A personage in one of Webster's Plays says,
I knew a man that was to lose his head
Feed with an excellent good appetite
To strengthen his heart, scarce half an hour before,
And if he did, it only was to speak.
Probably the dramatist alluded to some well known fact which was at that time of recent occurrence. When the desperate and atrocious traitor Thistlewood was on the scaffold, his demeanour was that of a man who was resolved boldly to meet the fate he had deserved; in the few words which were exchanged between him and his fellow criminals he observed, that the grand question whether or not the soul was immortal would soon be solved for them.

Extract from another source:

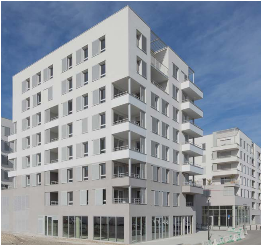
3.40Z(FN0F)W. 3.FVWMB->lg Y 5EY(Fbzafa . 5Z4(afazWB55:

O opération en entreprise générale de 2 bâtiments de 61 logements collectifs, réalisés en 17 mois tout compris, dont 2 mois de préparation (RT 2012 -13.5 %). Les deux constructions sont reliées par un socle au toit végétalisé avec 2 niveaux de parkings aériens. Des creux en façade et des angles d'immeuble évidés forment des loggias et des balcons généreux. Un encadrement spécialisé en corps d'état techniques a été mis en place pour assurer un délai plus court qu'en corps d'état séparé, tout en respectant la qualité architecturale des ouvrages. Cette équipe a piloté les 24 entreprises partenaires, dont 95% étaient régionales. Elles ont été associées dès les premières mises au point techniques. Une charte partenariale, avec les entreprises sous-traitantes partenaires, a été mise en place autour de valeurs partagées à cet effet. L'entreprise générale a assuré le tri sélectif des déchets avec suivi en filière de traitement tout au long du chantier.

No expression of hope escaped him, no breathing of repentance; no spark of grace appeared. Yet (it is a fact, which whether it be more consolatory or awful, ought to be known,) on the night after the sentence, and preceding his execution, while he supposed that the person who was appointed to watch him in his cell, was asleep, this miserable man was seen by that person repeatedly to rise upon his knees, and heard repeatedly calling upon Christ his Saviour, to have mercy upon him, and to forgive him his sins!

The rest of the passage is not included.